Ralph Ellison

İş bulma umudundan uzun zaman önce vazgeçmiş, öyle herhangi bir yere gitmeden ipsiz sapsız dolanıyorduk. Ülkenin sağını solunu öylesine amaçsızca geziyorduk, ipsiz sapsız. [L&N nakliye katarında on kara oğlan.] Birmingham’dan çıkıp demiryolu bakım istasyonlarında bizi boğaların karşıladığı ve hatıra olarak kafamızda birkaç şişlikle geri postaladığı Chicago’daki dünya fuarına uzanmıştık. Eğer daha önce bir boğaya ıskalayamayacağı kadar çok yaklaştıysanız ve yük vagonunun üstünde sürünürken sırtınıza bir tane indirdiyse ve ağır sopasına ek olarak bir de silahı olduğunu bildiğiniz için önünden kaçmaya çalıştıysanız, kafanızda yumuşak bir noktayı hedefleyip çekiçle kara ceviz kıran bir adam gibi ağır sopasıyla abandıysa; ve onun istediği gibi hareket eden trenden atlamamak için vagonun kenarından aşağı tırmanmaya başladıysanız, ağır botlarıyla parmaklarınıza basıp bir hamam böceği ezermişçesine onları topuğuyla ezdiyse ve ellerinizi bırakmadığınız için ağır sopasıyla eklemlerine vurduysa; ve eğer ellerinizi bıraktığınızda cürufa çarpıp kendinizi yuvarlanırken ve raylar boyunca uzanan telefon direklerinden daha hızlı bir şekilde yüz üstü kayarak trenden uzaklaşırken bulduğunuzda, o zaman, sadece kafamızdaki birkaç şişlikle kurtulduğumuza delice sevindiğimizi anlarsınız. Chicago boğaları, herhangi birimizi neredeyse çite tünemiş bir karatavuğu hallettiği hızla öldürebilecek Texas bıçkınları kadar siyah berduşlardan nefret eder.
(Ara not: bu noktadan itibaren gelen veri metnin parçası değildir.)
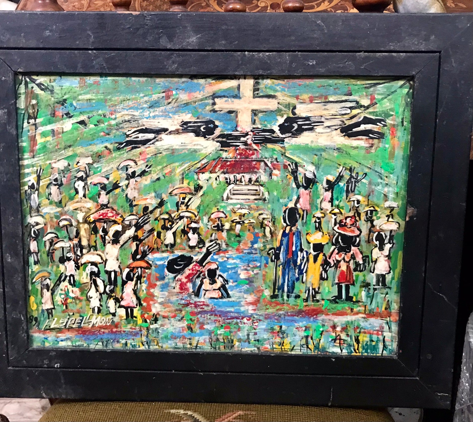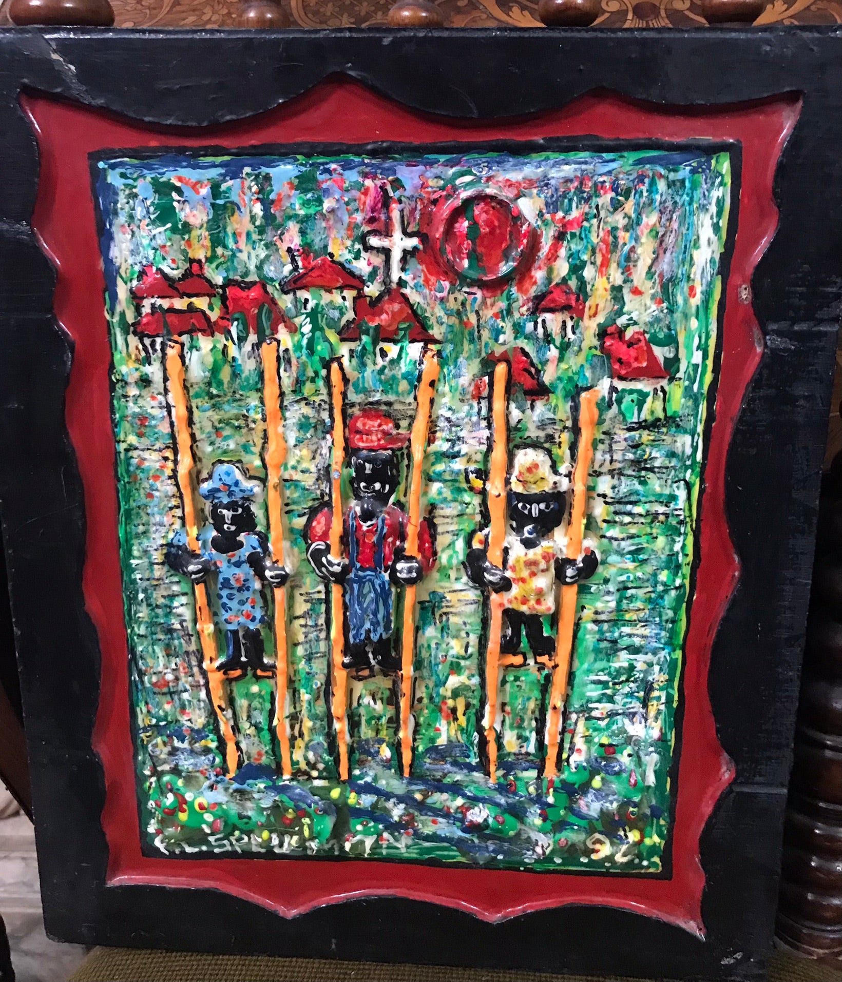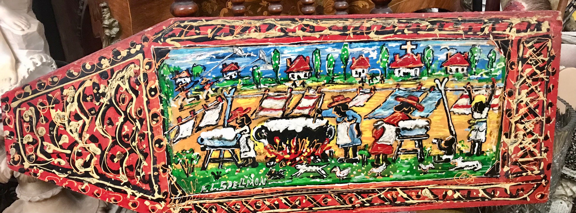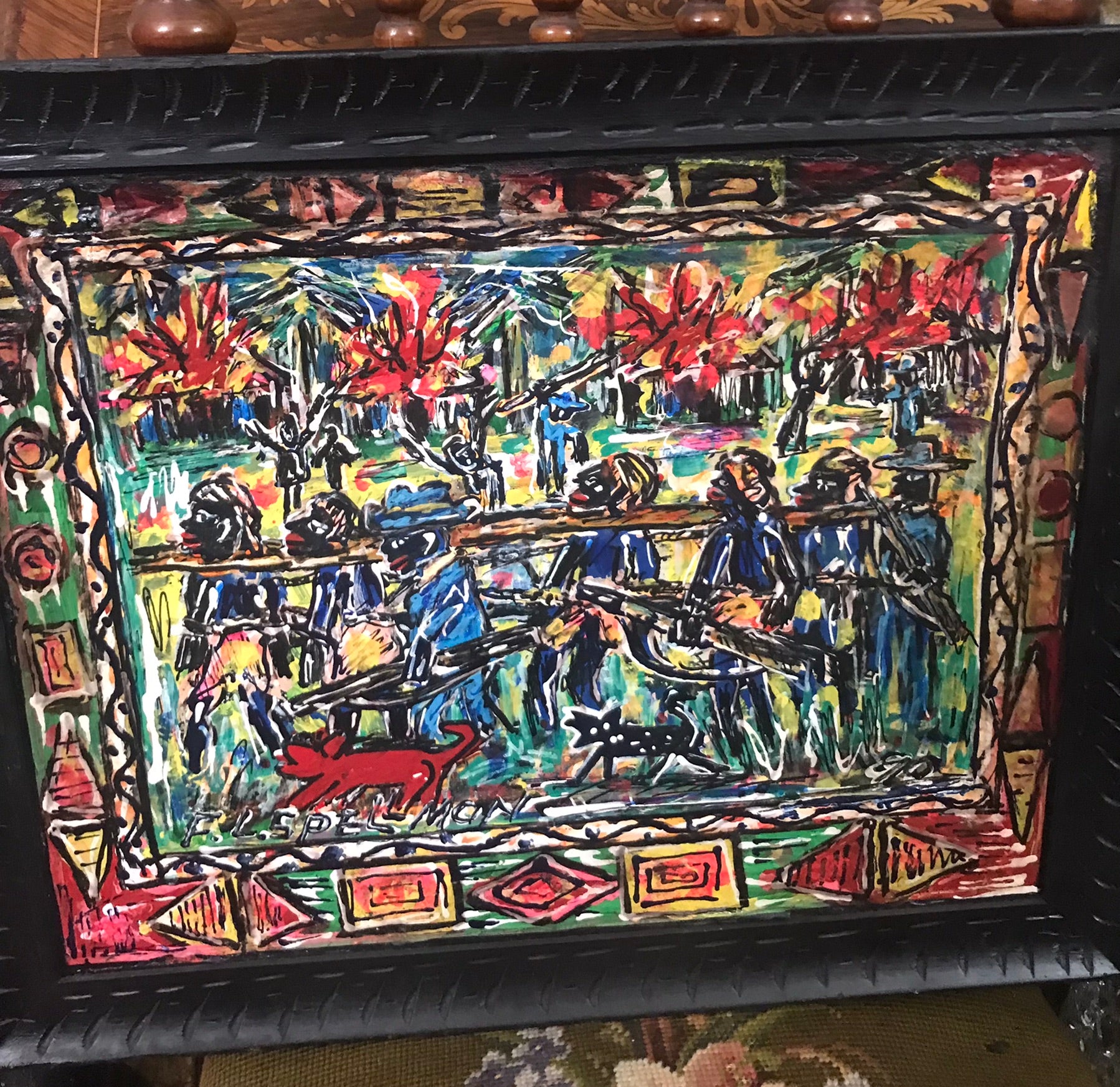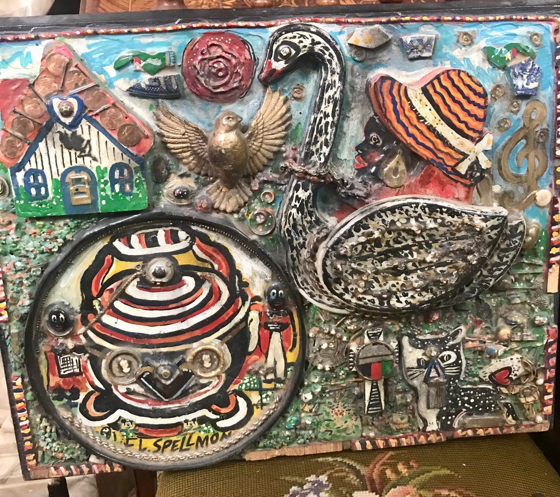 LARGE COLLECTION OF FAMOUS OUTSIDER ARTIST DOC SPELLMON PAINTINGS. SPELLMON WAS A BLACK TEXAS ARTIST KNOWN FOR HIS PAINTINGS OF THE OLD SOUTH. HE WAS BORN IN 1925 AND DIED IN 2008. THERE ARE OVER FIFTY PAINTINGS OF VARIOUS SIZES AND TECHNIQUES AND MOST HAVE HIS UNIQUE DISCRIPTIONS AND LABELS ON THEIR BACKS. SOLD INDIVIDUALLY OR IN GROUPS. PLEASE CALL 402 239 2799 OR TEXT OR E-MAIL dustyattic@charter.net FOR ADDITIONAL INFORMATION

Eğer berduşsanız boğalar karşılaşmak için oldukça kötü insanlardır. Kafa patlatmayı bir bilime dönüştürmüşlerdir ve her zaman harekete geçmeye hazırdırlar. Bir kemiği vurunca jöleye çevirecek tüm yerleri bilirler ve çocukken eski selofan su bardaklarına yaptığınız gibi omurganızı buracak şekilde tam da nasıl tekmeleyeceklerini sanki hisseder gibidirler. Bir keresinde bir boğa burnumun köprüsüne çakmıştı ve ben helada yüzen bir izmarit gibi çözülüp dağıldığımı hissetmiştim. Kafanızdan vurup ayakkabılarınızı patlatabilirler.

Ama bazen boğalar da zararlı çıkar ve ne zaman bir boğa seferin sonunda kaybolsa ve onu yaralı ve kanlar içinde ve bazen ölü bulsalar, tüm siyah berduşları katarlardan indirmeye başlarlar. Çoğu zaman kimin yaptığı umurlarında değildir, çünkü asıl mesele bedelini bir kara oğlana ödetmektir. Ha eğer berduşlar arasında sadece zencilerin bıçak taşıdığını duyarsanız bunun bir boğa yalanı olduğunu bilin, çünkü size anlatacaklarımı Brooklyn’li beyaz bir berduş olan Hymie yaptı.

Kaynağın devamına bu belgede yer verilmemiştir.